Photopolarimetric measurements in the Atlanta metropolitan area, and their potential for improving characterization of absorbing aerosols
Bryan M. Karpowicz, Georgia Institute of Technology, Atlanta, GA; and I. N. Sokolik, R. J. Greenwald, R. Peltier, R. Weber, and M. Bergin
Large uncertainties in the effects of atmospheric aerosols are among the major factors currently limiting our understanding of climate change. A key question is whether atmospheric aerosols contribute to warming or cooling of the climate system. Since the sign of radiative forcing is controlled by the ability of aerosol particles to absorb light, the information on the single scattering albedo of different aerosol types is clearly very desirable.

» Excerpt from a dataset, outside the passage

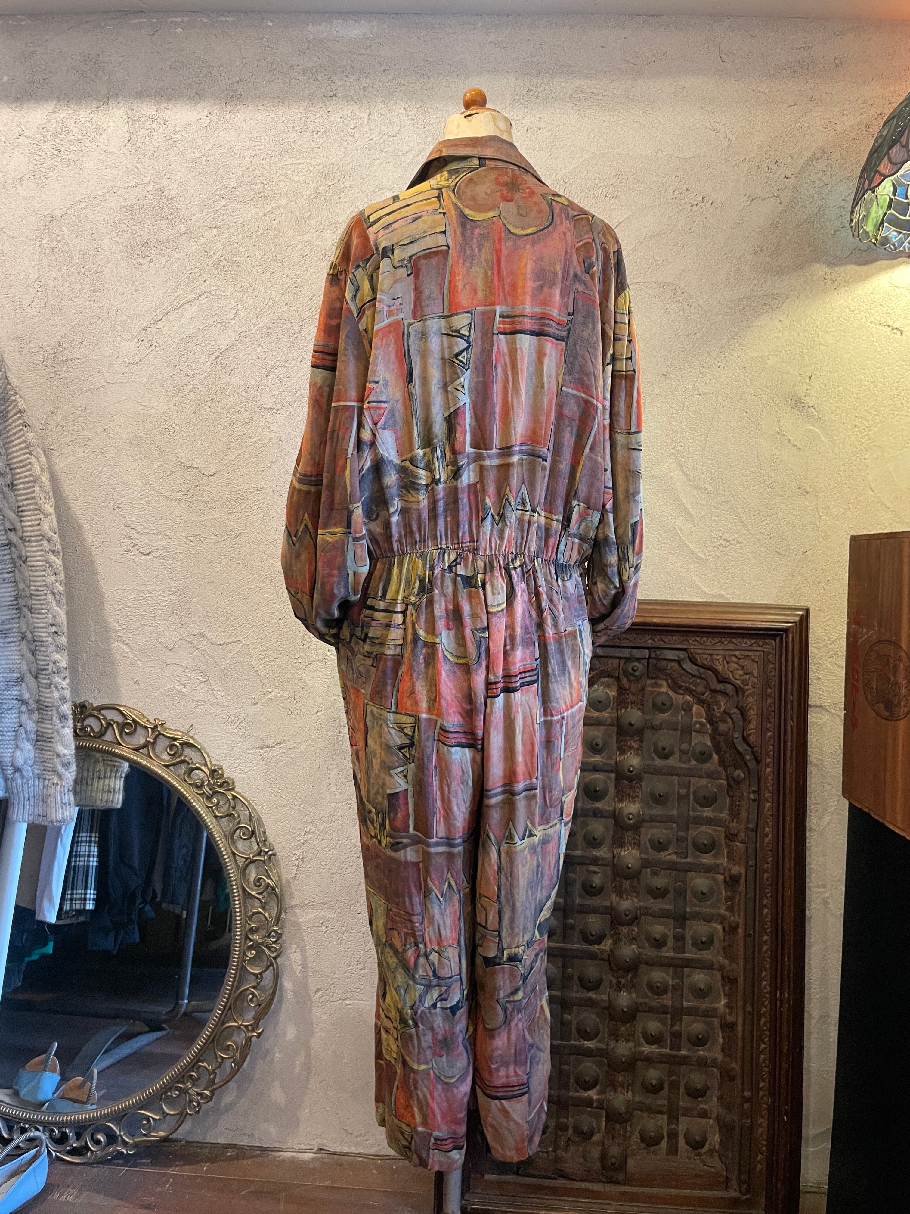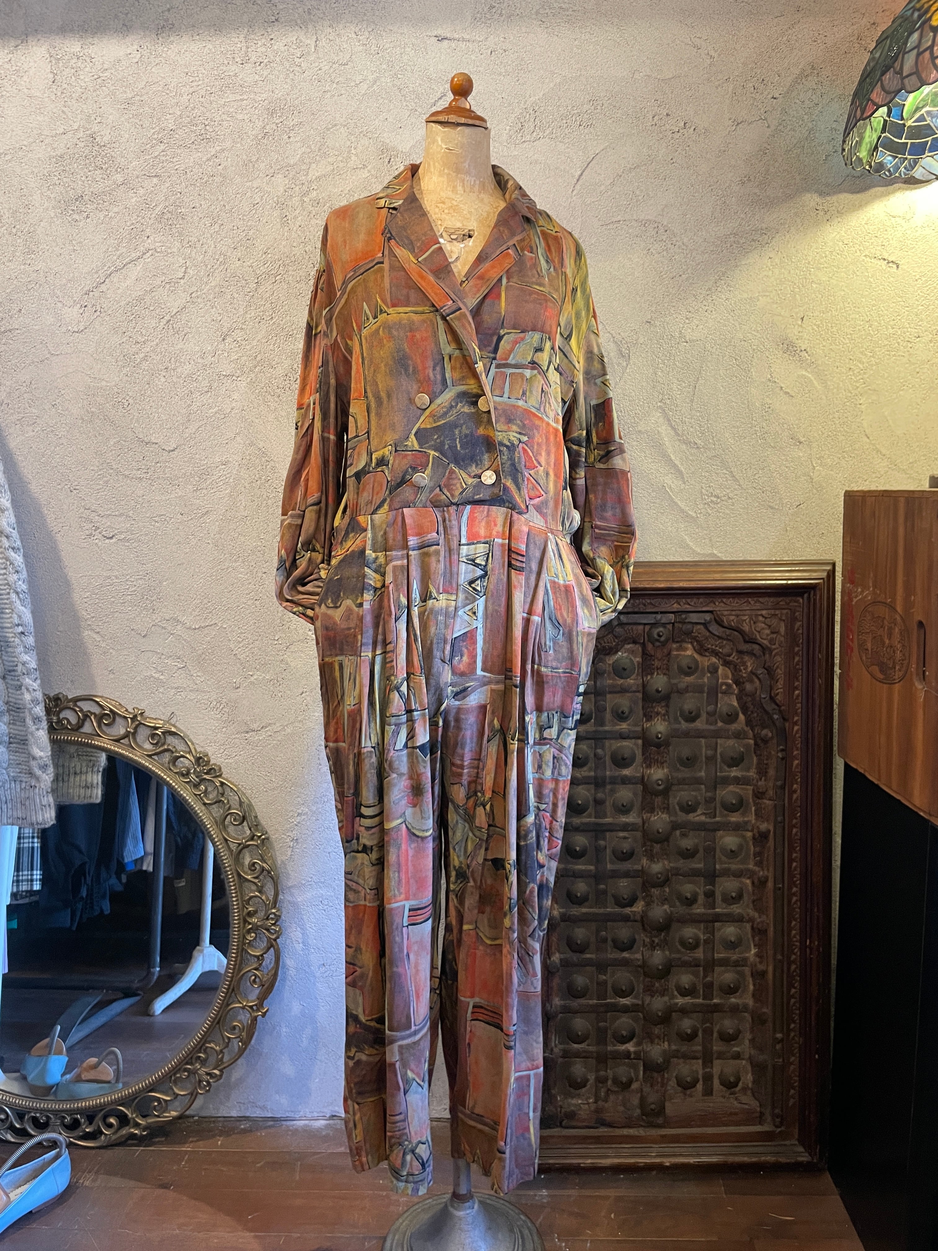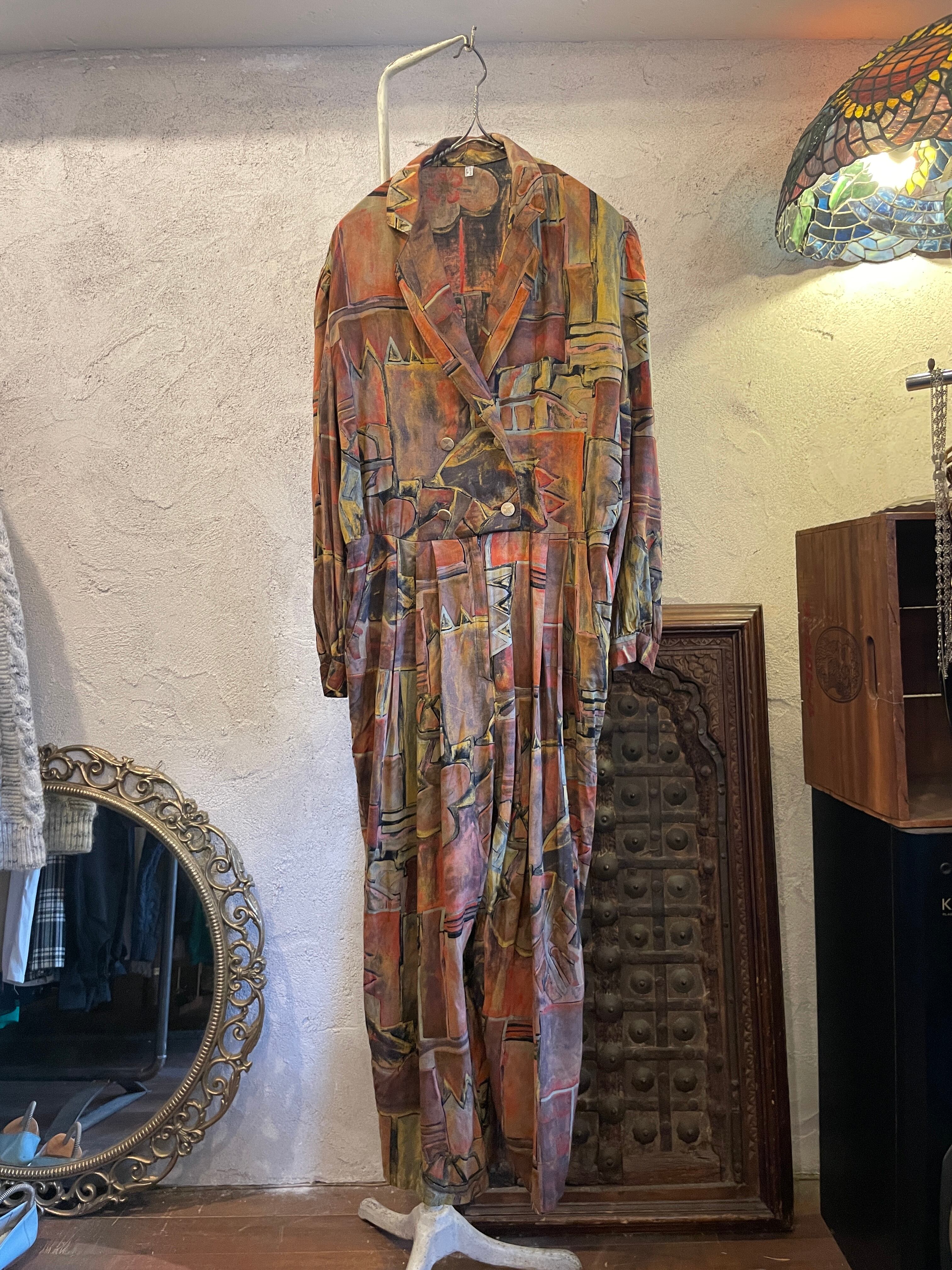 総柄 抽象柄 ジャンプスーツ ヴィンテージ 古着

This study explores the potential for retrieving the aerosol single scattering albedo using ground-based polarimetric measurements conducted under urban aerosol-laden conditions. We utilized data from several AERONET sites representative of urban pollution cases. In addition, new measurements were carried out in the Atlanta Metropolitan Area using a CIMEL sun-sky photometer with a polarimetric channel in conjunction with a suite of in-situ aerosol instruments including a Magee Scientific Aethalometer, Particle Soot Absorption Photometer, Nephelometer, and an EC/OC instrument. Several techniques to retrieve the single scattering albedo were tested. A detailed analysis of the sensitivity of polarization to aerosol size distribution, composition, amount of black carbon and its mixing state were performed using a polarimetric radiative transfer code. The paper will report the results of this work and discuss the advantages and limitations of polarimetric measurements for the retrieval of the aerosol single scattering albedo.